--- DATA RECORDS ---

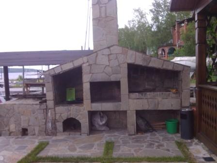 А это шикарный комплекс печника из Сочи. Сколько интересно "прожил" этот комплекс со стенками топки в полкирпича и псевдожаростойкой смеси "дюна"- если конечно им пытались пользоваться.Как выдержат такой вес (около трёх поддонов кирпича) тонюсенькие стенки топки мангала и притом подверженные нагреву? И зачем такая массивная нахлобучка(дымосборник и труба) ? Зачем такая большая труба на два очага.?
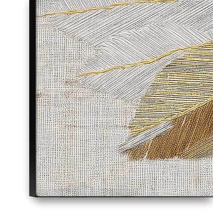 Abstrakte Arbeit mit verschiedenen Leinentexturen eines Herbstblattes.
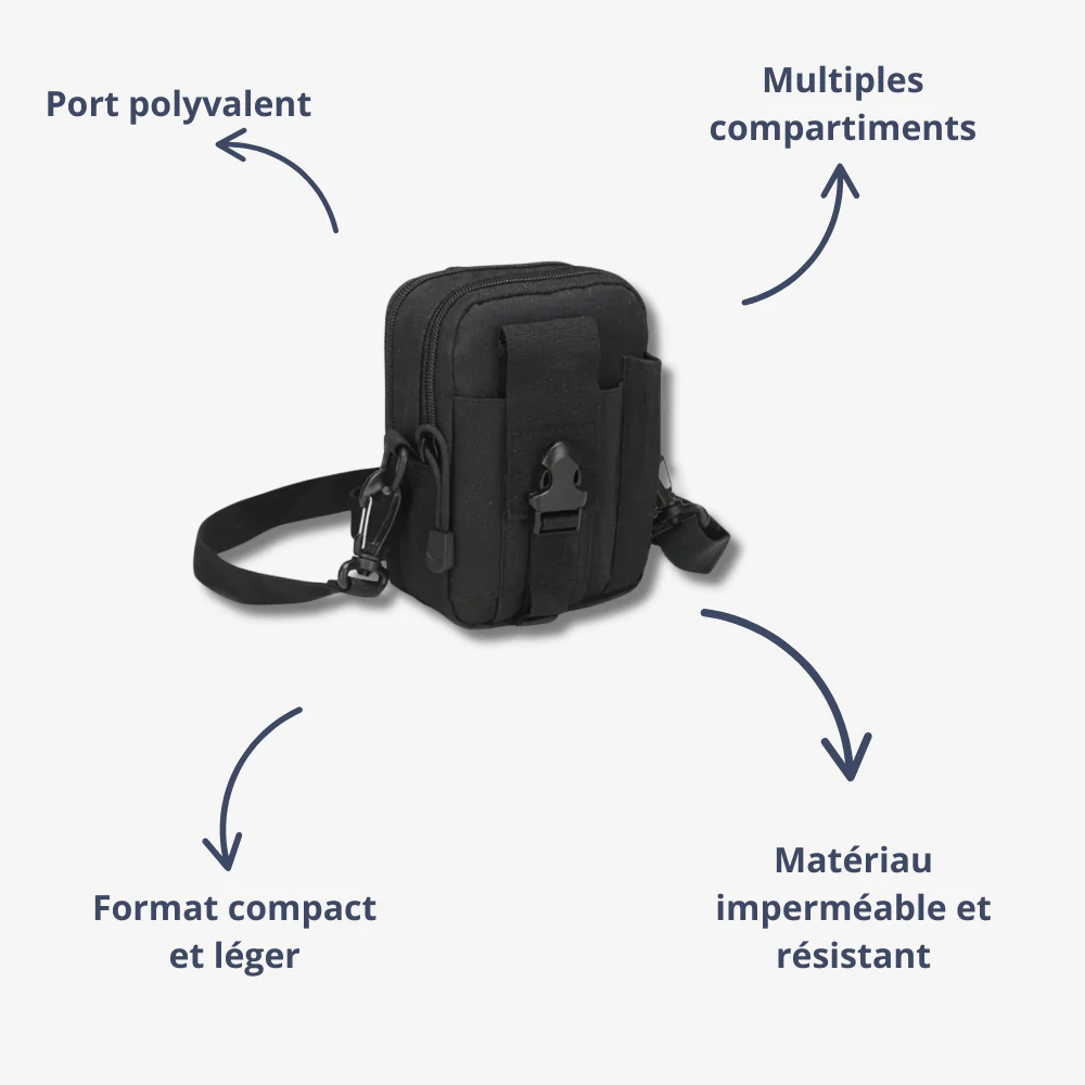 • Compartiments multiples : Espace organisé pour téléphone, clés, outils, etc.
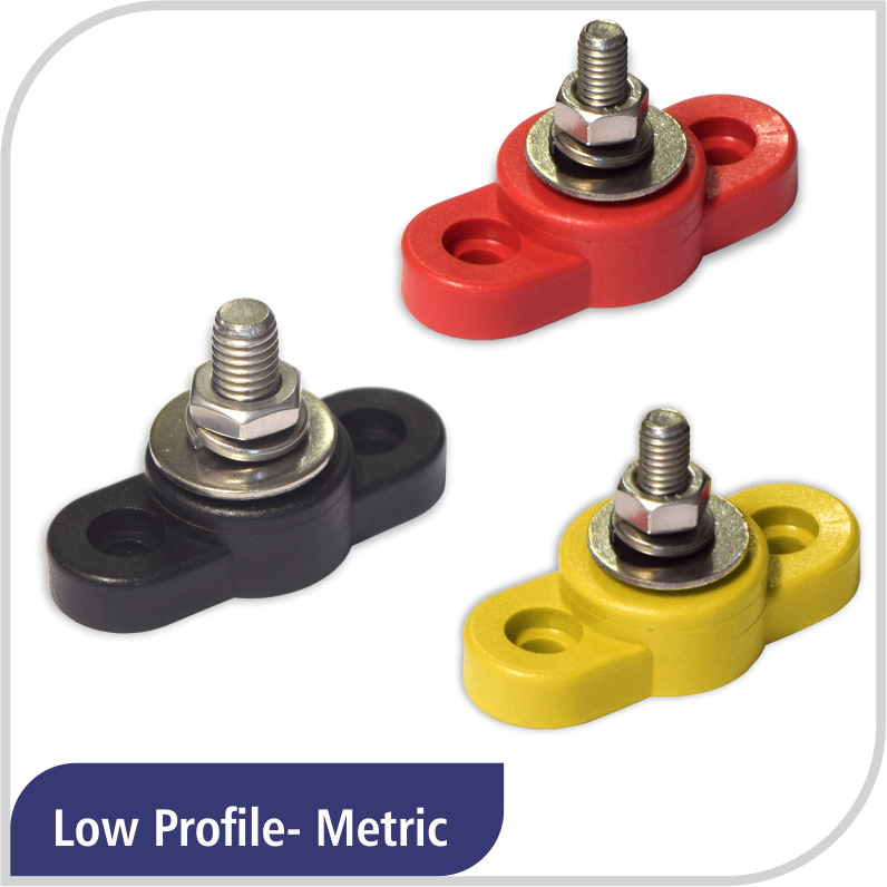 1 Point Low Profile – Metric: Our new low profile single point power posts can be used to connect power lines or consolidate ground lines in tight areas where space is at a premium. Available in metric & imperial sizes.
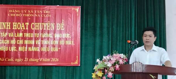 Chiều ngày 21/4/2026, Đảng ủy xã Tân Tri tổ chức sinh hoạt chi bộ mẫu tại Chi bộ thôn Nà Cuối. Dự hội nghị có đồng chí Lê Thị Nga – Bí thư Đảng ủy, Chủ tịch HĐND xã; đồng chí Hoàng Vĩnh Lập – Phó Bí thư Thường trực Đảng ủy xã; cùng các đồng chí Ủy viên Ban Chấp hành Đảng bộ xã phụ trách, theo dõi chi bộ. Tham dự còn có lãnh đạo, chuyên viên các Ban xây dựng Đảng; các đồng chí Bí thư, Phó Bí thư chi bộ các thôn cùng toàn thể đảng viên Chi bộ thôn Nà Cuối.
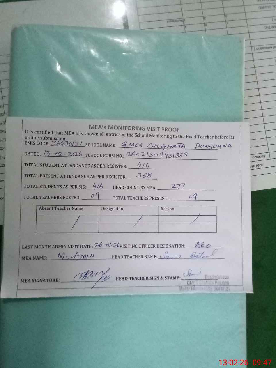 | Attendance Register | Head Teacher | MEA with School | Visit Proof |
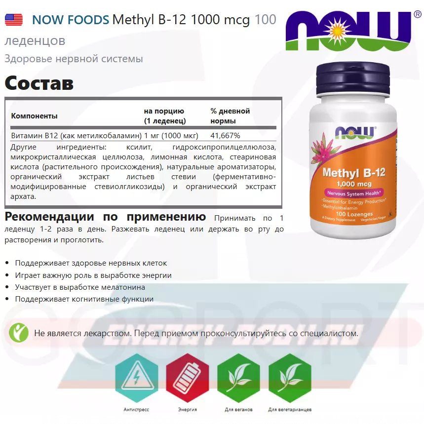 Состав NOW FOODS Methyl B-12 1000 mcg
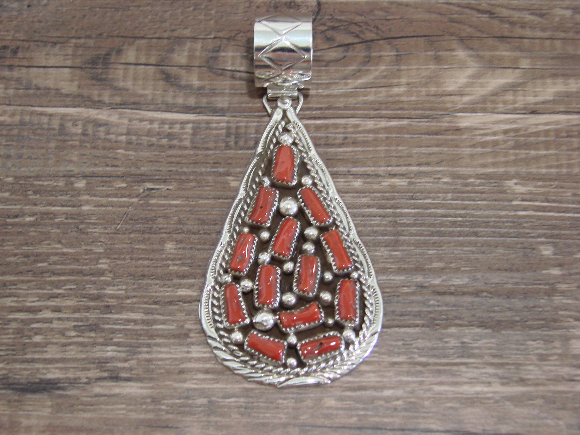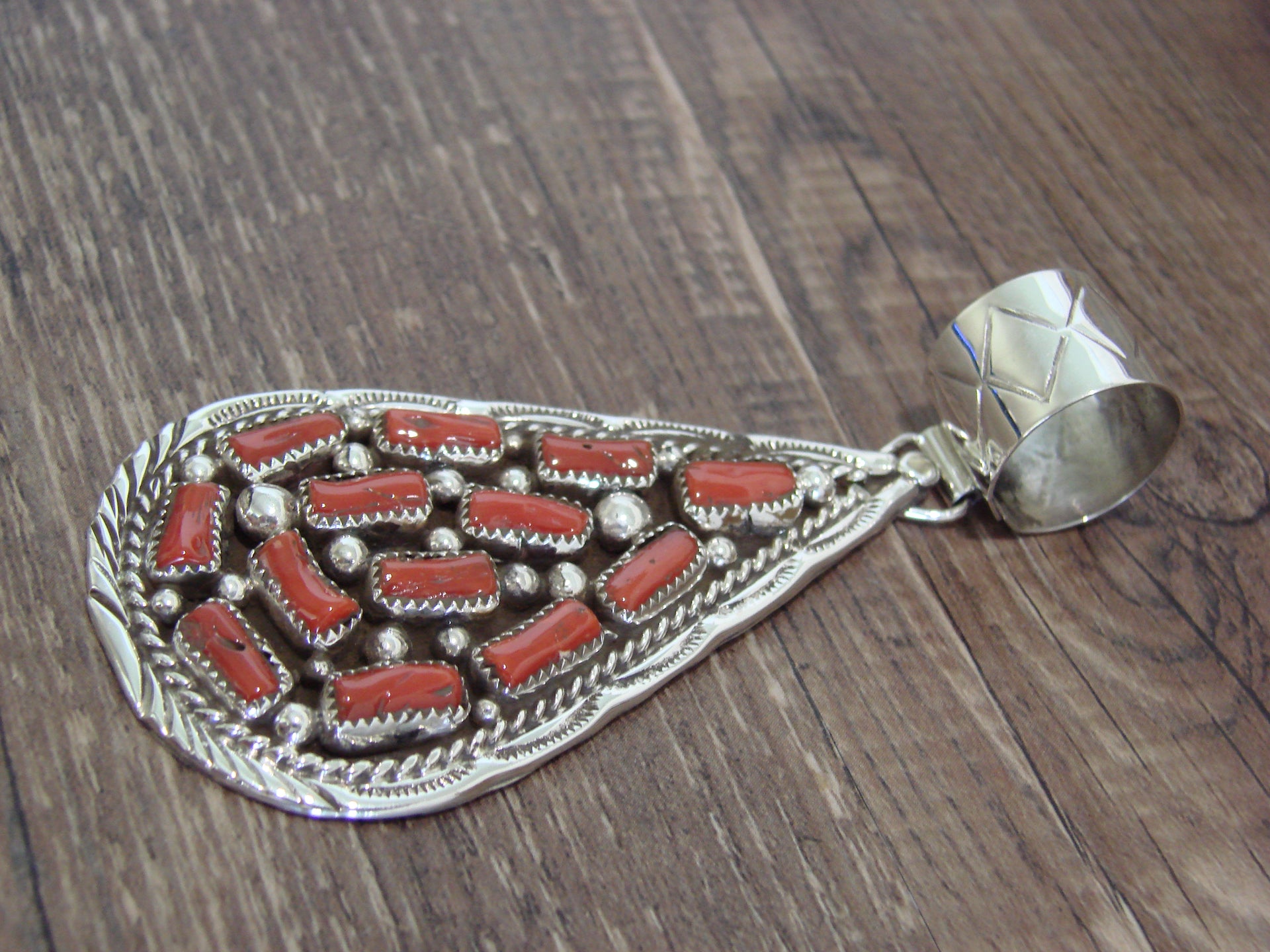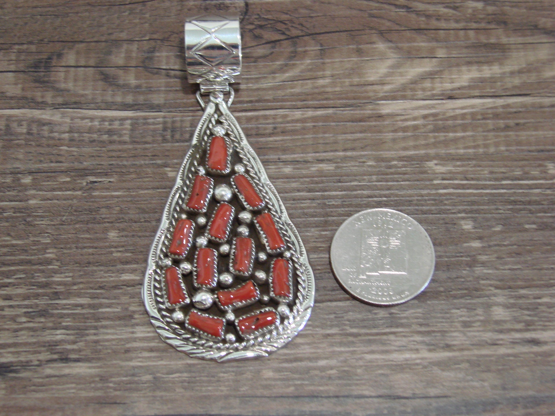 Native American Sterling Silver & Coral Cluster Pendant Signed Begay
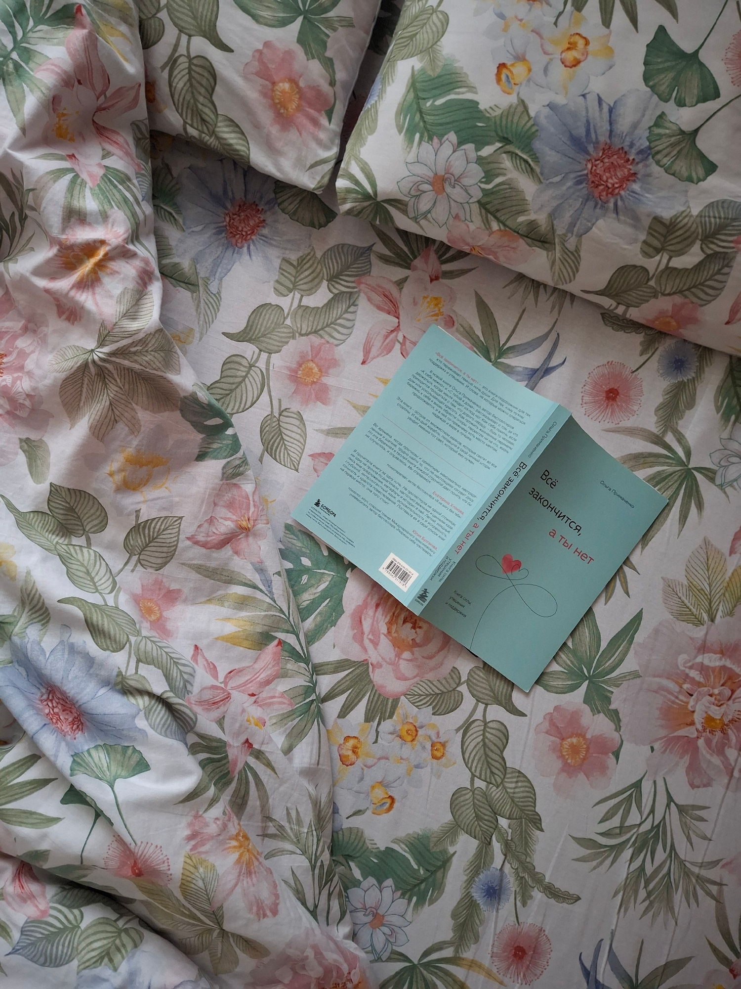 A top-down shot shows an open book resting on a floral-patterned bed with matching pillows. The book, titled "Всё закончится, а ты нет" (Everything will end, but you won't), is by Ольга Примаченко. Th…read more

---

ACTIVITY
Quote the data above exactly from the line with "1 Point Low" to the line with "Visit Proof |", both ends counted, and nothing else. Pictures don't go in.

REPLY
 1 Point Low Profile – Metric: Our new low profile single point power posts can be used to connect power lines or consolidate ground lines in tight areas where space is at a premium. Available in metric & imperial sizes.
 Chiều ngày 21/4/2026, Đảng ủy xã Tân Tri tổ chức sinh hoạt chi bộ mẫu tại Chi bộ thôn Nà Cuối. Dự hội nghị có đồng chí Lê Thị Nga – Bí thư Đảng ủy, Chủ tịch HĐND xã; đồng chí Hoàng Vĩnh Lập – Phó Bí thư Thường trực Đảng ủy xã; cùng các đồng chí Ủy viên Ban Chấp hành Đảng bộ xã phụ trách, theo dõi chi bộ. Tham dự còn có lãnh đạo, chuyên viên các Ban xây dựng Đảng; các đồng chí Bí thư, Phó Bí thư chi bộ các thôn cùng toàn thể đảng viên Chi bộ thôn Nà Cuối.
 | Attendance Register | Head Teacher | MEA with School | Visit Proof |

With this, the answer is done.